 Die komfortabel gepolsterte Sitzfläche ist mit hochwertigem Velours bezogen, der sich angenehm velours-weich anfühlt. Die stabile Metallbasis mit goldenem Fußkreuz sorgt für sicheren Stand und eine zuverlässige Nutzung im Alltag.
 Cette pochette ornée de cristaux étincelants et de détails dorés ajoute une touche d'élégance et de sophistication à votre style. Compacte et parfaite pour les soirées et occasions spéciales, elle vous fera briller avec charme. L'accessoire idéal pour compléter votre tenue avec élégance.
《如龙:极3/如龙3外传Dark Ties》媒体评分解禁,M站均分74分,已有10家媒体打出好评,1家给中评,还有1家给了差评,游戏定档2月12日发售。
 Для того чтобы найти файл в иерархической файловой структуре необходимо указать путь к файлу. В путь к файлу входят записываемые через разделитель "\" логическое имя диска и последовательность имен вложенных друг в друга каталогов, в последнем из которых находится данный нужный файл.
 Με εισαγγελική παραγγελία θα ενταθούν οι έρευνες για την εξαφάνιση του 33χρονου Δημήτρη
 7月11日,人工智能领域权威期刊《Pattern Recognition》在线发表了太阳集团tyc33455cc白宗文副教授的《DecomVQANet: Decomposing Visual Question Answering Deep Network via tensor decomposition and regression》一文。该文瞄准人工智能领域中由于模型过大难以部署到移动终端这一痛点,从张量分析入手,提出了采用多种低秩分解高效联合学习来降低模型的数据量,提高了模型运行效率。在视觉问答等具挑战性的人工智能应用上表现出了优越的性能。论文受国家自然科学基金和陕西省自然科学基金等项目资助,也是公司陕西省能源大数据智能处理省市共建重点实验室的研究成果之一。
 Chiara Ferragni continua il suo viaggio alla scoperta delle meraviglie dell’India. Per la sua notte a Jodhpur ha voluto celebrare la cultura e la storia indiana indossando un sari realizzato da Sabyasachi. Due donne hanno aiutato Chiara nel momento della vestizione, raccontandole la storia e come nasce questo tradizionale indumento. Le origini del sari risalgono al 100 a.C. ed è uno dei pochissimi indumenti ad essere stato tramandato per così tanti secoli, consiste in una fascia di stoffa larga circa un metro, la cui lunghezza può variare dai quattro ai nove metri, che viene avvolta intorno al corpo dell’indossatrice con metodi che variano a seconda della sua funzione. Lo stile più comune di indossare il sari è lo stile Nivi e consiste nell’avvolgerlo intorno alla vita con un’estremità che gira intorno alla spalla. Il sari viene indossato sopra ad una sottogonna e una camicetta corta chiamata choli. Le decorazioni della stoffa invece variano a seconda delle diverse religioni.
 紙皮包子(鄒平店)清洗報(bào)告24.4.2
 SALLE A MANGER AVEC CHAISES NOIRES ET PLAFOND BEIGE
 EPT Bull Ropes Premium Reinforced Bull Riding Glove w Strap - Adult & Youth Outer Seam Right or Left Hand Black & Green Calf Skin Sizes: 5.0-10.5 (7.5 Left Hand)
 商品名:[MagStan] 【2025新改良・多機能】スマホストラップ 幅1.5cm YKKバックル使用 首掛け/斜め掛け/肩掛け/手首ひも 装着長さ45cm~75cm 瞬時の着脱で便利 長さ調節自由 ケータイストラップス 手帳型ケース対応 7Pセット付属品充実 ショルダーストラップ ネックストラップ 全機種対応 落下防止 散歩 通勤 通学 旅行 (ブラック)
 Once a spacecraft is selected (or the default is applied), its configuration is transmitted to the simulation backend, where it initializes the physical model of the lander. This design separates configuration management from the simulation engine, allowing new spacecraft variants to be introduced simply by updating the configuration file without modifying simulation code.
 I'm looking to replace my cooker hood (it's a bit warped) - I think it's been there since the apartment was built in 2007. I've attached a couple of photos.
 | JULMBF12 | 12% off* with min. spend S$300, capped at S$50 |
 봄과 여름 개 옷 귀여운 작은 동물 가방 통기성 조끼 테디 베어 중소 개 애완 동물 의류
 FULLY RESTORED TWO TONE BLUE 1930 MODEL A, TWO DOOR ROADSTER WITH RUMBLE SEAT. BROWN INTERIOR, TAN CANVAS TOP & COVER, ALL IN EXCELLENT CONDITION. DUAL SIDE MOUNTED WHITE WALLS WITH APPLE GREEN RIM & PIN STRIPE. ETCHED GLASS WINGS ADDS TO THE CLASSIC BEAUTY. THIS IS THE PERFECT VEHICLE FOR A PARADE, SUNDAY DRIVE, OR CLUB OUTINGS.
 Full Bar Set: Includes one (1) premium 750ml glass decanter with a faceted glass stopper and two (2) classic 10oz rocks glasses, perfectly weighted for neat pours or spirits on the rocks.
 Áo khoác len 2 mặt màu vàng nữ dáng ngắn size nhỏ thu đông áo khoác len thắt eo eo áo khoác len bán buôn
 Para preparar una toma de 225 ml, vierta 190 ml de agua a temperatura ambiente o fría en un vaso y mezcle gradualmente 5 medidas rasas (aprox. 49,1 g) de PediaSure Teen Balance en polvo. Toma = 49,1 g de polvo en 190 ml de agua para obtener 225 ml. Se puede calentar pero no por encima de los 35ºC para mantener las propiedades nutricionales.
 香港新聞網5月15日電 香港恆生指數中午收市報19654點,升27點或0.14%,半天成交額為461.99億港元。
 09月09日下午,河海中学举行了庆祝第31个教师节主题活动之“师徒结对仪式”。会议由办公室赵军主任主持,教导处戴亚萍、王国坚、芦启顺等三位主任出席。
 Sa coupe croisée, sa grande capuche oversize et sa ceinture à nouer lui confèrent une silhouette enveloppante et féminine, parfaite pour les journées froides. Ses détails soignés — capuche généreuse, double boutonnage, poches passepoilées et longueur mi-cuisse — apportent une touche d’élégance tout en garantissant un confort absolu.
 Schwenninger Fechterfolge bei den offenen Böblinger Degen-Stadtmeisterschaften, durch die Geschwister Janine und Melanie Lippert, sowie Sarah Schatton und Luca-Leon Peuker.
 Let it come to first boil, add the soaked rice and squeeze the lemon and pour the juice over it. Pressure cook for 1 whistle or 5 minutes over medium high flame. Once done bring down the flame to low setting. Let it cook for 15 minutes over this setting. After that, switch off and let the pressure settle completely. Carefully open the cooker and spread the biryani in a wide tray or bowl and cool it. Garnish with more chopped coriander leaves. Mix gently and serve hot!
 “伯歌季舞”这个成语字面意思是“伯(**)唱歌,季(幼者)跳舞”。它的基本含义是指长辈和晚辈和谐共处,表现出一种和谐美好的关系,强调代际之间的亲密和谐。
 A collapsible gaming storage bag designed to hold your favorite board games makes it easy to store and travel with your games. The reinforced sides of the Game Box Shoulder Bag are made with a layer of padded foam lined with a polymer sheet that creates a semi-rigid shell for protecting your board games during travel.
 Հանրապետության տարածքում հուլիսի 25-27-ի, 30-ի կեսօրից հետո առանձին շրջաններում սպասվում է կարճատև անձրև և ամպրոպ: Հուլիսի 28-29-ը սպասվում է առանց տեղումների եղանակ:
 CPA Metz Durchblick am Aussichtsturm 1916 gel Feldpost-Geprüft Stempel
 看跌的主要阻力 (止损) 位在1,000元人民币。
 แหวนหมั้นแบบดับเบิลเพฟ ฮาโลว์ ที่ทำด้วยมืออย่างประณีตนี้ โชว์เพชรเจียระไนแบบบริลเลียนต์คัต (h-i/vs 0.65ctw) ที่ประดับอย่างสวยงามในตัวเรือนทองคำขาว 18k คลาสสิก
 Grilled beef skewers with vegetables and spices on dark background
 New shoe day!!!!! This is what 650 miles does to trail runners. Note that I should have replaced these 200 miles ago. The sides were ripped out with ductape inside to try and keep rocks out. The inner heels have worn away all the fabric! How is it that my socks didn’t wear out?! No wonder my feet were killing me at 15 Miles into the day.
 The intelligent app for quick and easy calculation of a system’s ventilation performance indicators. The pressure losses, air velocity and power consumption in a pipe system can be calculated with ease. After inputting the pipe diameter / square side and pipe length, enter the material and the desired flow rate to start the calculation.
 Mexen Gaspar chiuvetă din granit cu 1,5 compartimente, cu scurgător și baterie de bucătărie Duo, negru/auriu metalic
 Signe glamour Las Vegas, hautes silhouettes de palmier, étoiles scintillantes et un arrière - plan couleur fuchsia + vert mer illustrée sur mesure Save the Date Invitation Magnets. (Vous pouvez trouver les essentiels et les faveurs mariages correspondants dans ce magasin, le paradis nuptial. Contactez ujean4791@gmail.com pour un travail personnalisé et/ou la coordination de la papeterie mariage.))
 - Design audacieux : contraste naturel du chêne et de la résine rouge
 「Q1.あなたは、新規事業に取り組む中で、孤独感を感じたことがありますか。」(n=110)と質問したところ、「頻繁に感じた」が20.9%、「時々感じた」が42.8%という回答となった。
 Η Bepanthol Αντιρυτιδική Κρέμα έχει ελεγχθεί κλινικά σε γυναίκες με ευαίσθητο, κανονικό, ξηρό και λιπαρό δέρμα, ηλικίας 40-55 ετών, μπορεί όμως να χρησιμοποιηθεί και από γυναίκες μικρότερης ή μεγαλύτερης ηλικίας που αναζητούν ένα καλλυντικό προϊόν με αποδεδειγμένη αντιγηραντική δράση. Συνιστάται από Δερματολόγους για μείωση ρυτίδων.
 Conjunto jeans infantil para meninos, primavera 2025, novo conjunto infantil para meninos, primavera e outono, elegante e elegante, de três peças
........
# TASK OBJECTIVE
Identify each line of the material where the word "détails" shows up, and copy it.

# REPLY TO THE TASK
 Cette pochette ornée de cristaux étincelants et de détails dorés ajoute une touche d'élégance et de sophistication à votre style. Compacte et parfaite pour les soirées et occasions spéciales, elle vous fera briller avec charme. L'accessoire idéal pour compléter votre tenue avec élégance.
 Sa coupe croisée, sa grande capuche oversize et sa ceinture à nouer lui confèrent une silhouette enveloppante et féminine, parfaite pour les journées froides. Ses détails soignés — capuche généreuse, double boutonnage, poches passepoilées et longueur mi-cuisse — apportent une touche d’élégance tout en garantissant un confort absolu.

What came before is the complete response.